To encourage prescribed burning on private lands, Oregon will explore shifting from simple to gross negligence. Gov. Kate Brown signed legislation on June 11 that directs a state agency, in consultation with stakeholders, to study whether states with such standards experience more prescribed fires and more out-of-control fires. The review must also examine the accessibility of insurance coverage for prescribed fires.
One of the most destructive escaped fires occurred in 2012, when the Colorado State Forest Service conducted a 50-acre (20-hectare) prescribed burn near the small town of Conifer, southwest of Denver. After the fire seemed to be out, high winds whipped it back to life.
Ann Appel, 51, was among worried residents who dialed 911.
“It’s blowing smoke right over my house,” she told an emergency dispatcher.
“Yeah, it’s about 5 acres (2 hectares) and growing, so they’ve got crews on the way,” the dispatcher replied.
Appel thanked the operator and hung up. Her body was later found in the ashes of her home.
Two other people also died in the fire, which ultimately consumed 6 square miles (15.5 square kilometers) and destroyed two dozen homes.
Colorado’s immunity law capped liability at $600,000 per incident, but after the fire, the Legislature removed the cap for controlled burns in cases where victims claim the state acted negligently. The state paid a total of $18 million in compensation to two dozen parties. The largest settlement, $4.8 million, went to Appel’s husband and estate.
Prescribed burning has prevented disasters, and high rebuilding costs. In 2017, a wildfire threatened the resort town of Sisters, Oregon, but firefighters were able to control it because months earlier, crews removed trees and brush with machines, then ignited prescribed burns.
“The fire came to a halt, both because it had less fuels and also because in the thinned, more natural forest, there was a lot more space for the firefighters,” noted Democratic Sen. Jeff Merkley of Oregon, who is pushing for more funding for forest treatment.

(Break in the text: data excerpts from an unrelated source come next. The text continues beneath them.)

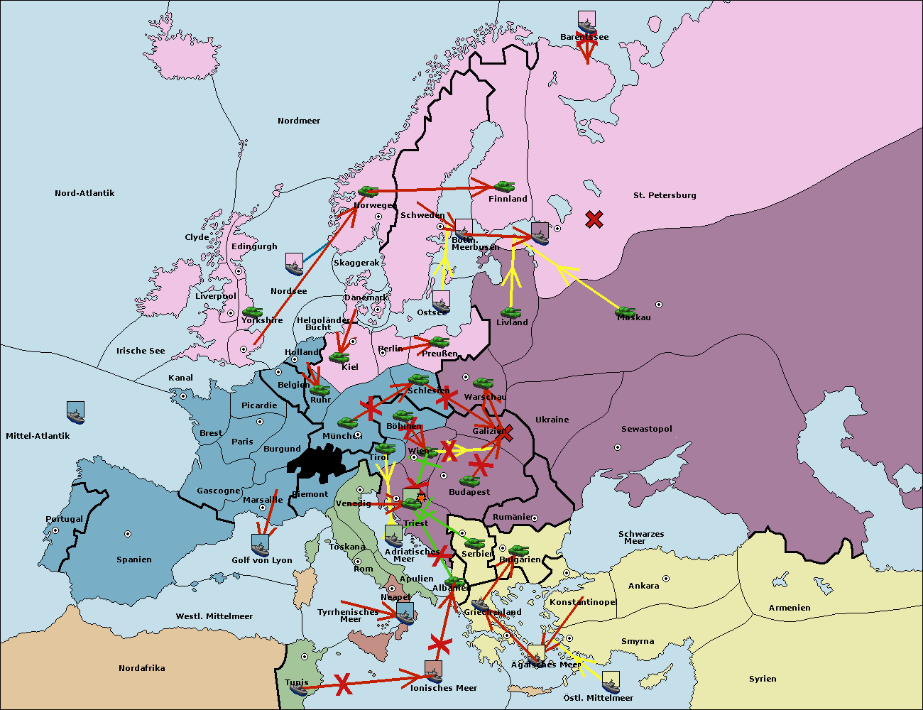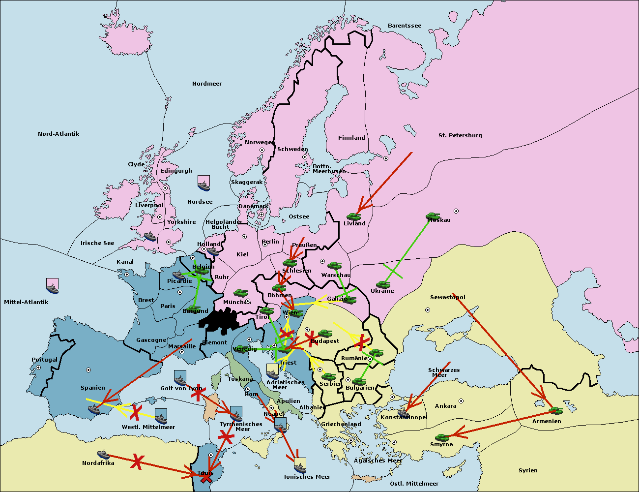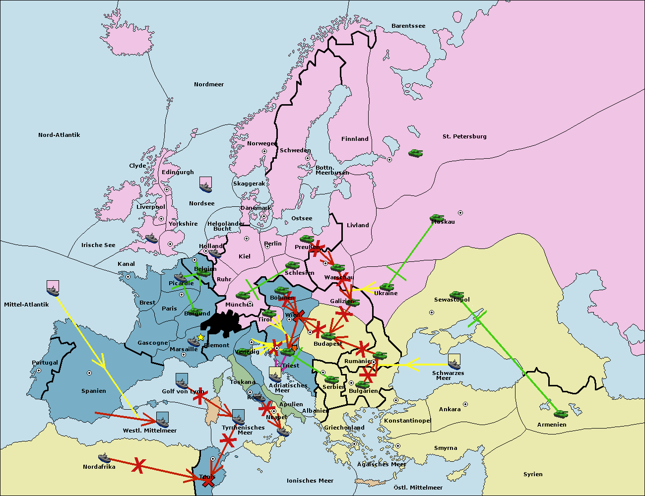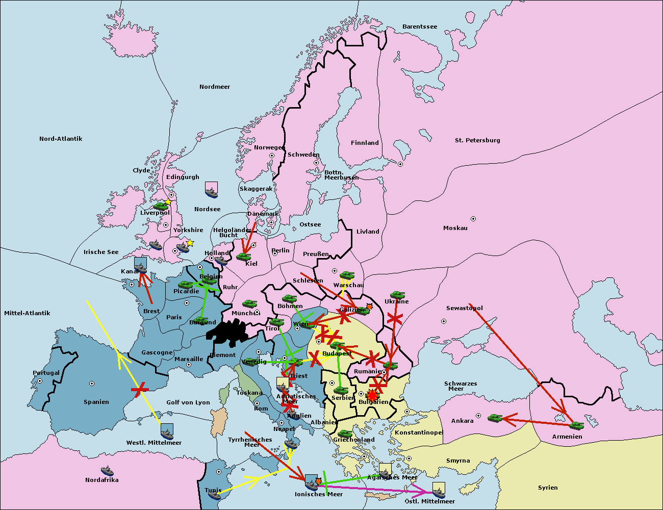 • Die Armee in Triest support move nach Serbien von Budapest. (gescheitert)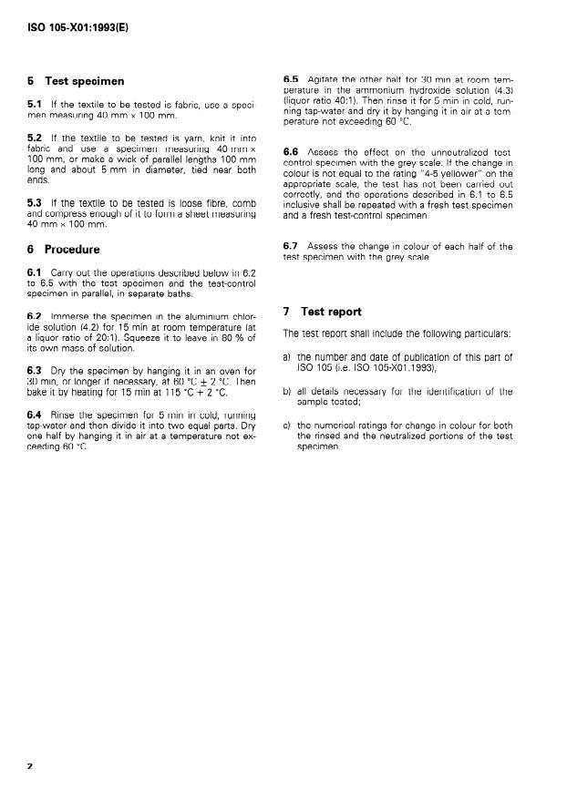 - Reporting: Report shall include the ISO reference (ISO 105-X01:1993), sample identification and numerical grey-scale ratings for both rinsed and neutralized specimen portions.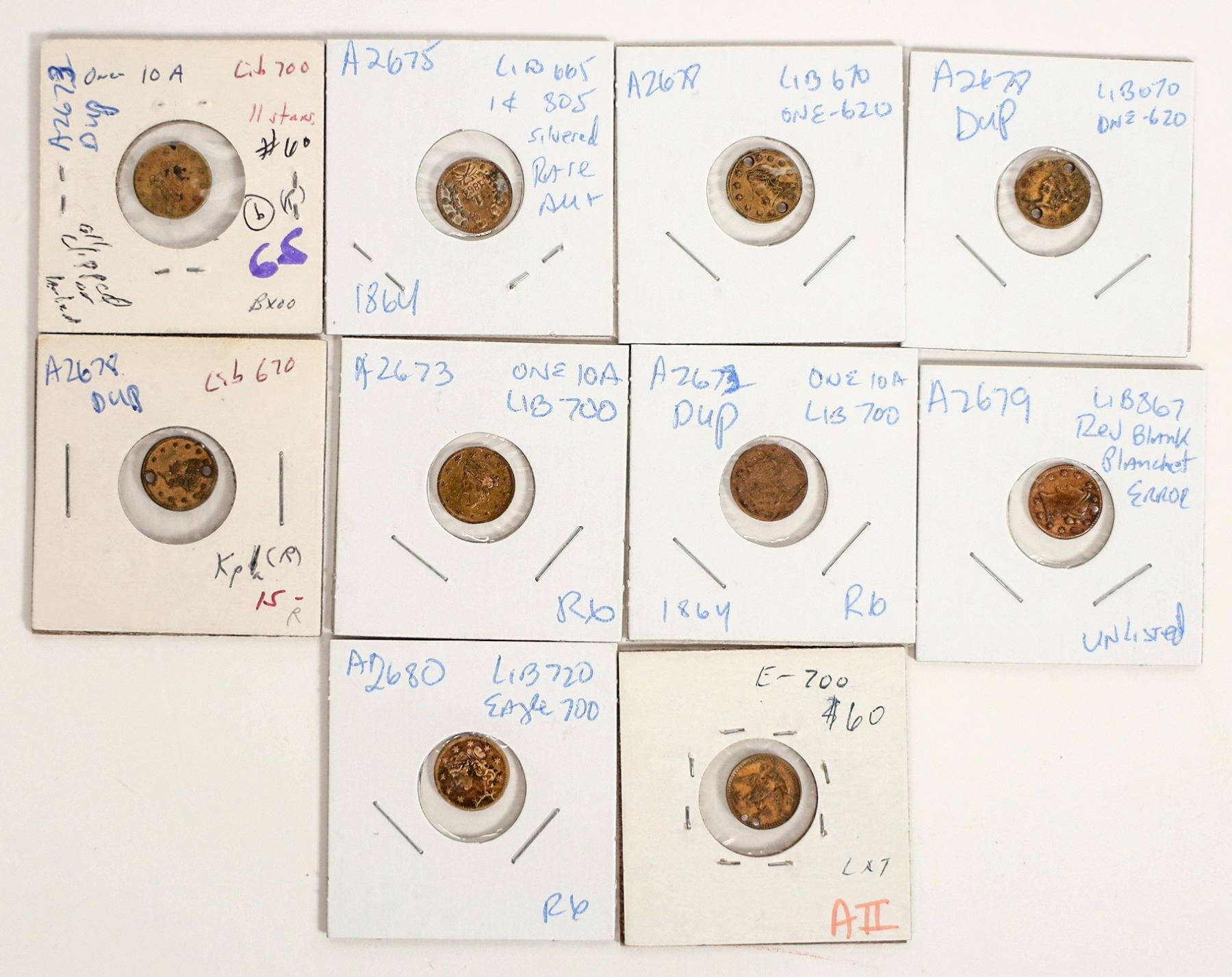 Ten small and scarce brass counters that mimic US gold coins with the head of Liberty.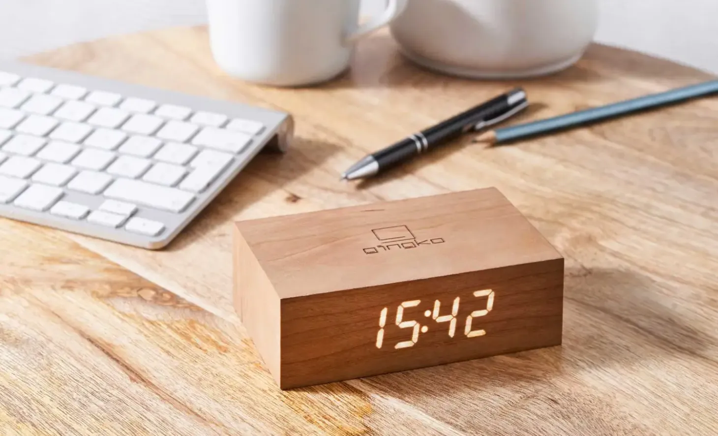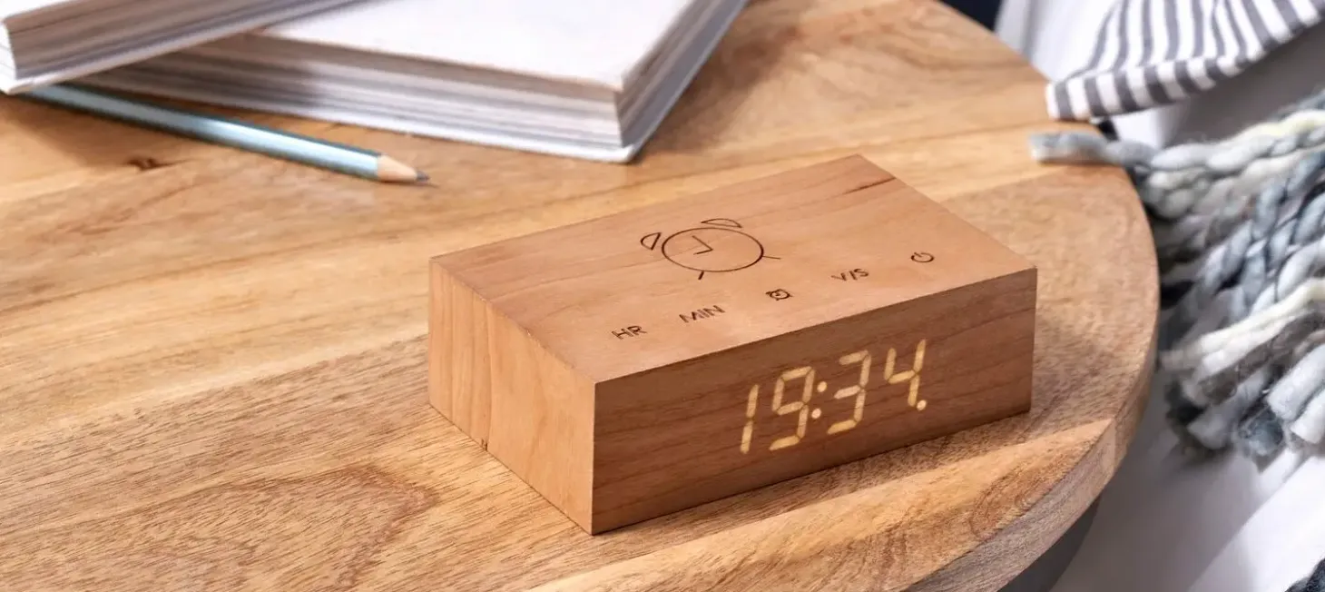 Dette vækkeur kombinerer naturlig kirsebærtræfinish med smart funktionalitet. Det måler 11,5 x 7 x 3,5 cm og passer på de fleste natborde. Det lydaktiverede ursystem slukker automatisk displayet i stilhed, hvilket reducerer unødvendig lysforurening om natten og sparer energi.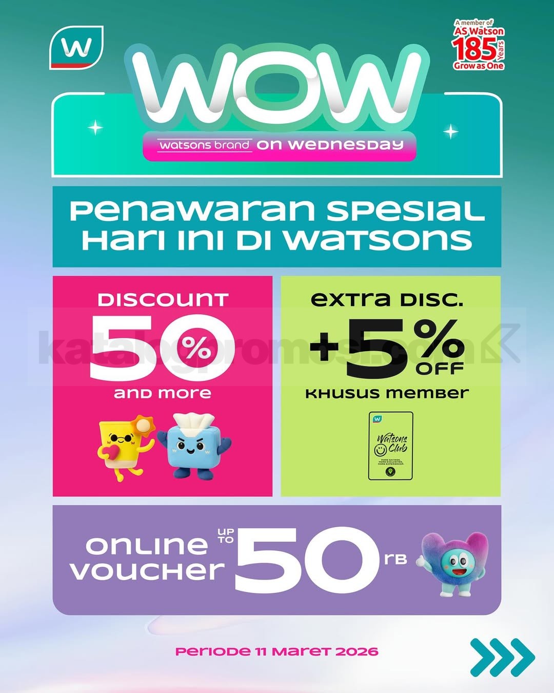 Promo Watsons Brand on Wednesday diskon 50% produk pilihan dengan ekstra diskon member dan voucher hingga Rp. 50.000 berlaku mulai tanggal 11 Maret 2026.

Scott Stephens, a professor of wildland fire science at the University of California, Berkeley, wants a big increase in prescribed burns, along with mechanical forest thinning, but predicts it will be gradual due to both a lack of people trained in it and of political and societal support.
That prescribed burning is now widely seen as a remedy would have been welcome news to Biswell, who died in 1992 at age 86.
Harold Weaver, a forester for the Bureau of Indian Affairs, was also an early advocate. In 1955, Weaver published an article titled “Fire as an enemy, friend and tool in forest management.” Like Biswell, he was cold-shouldered. The two supported each other.
The West, which is more susceptible to wildfires because of its vast wildlands and dry climate, has been stepping up prescribed burns.
In 2019, 3.7 million acres were treated by prescribed fire in the West, a 268% increase from 2011, the National Association of State Foresters and the Coalition of Prescribed Fire Councils said in a report.
Stephens said prescribed fire and restoration thinning should increase at least five-fold to turn things around and create healthy forests as Biswell, his predecessor at Berkeley, envisioned.
“Once you get areas treated, you have to come back in around 15 years for maintenance treatments. And this never ends,” Stephens said. “This is a key point: The program has to last forever.”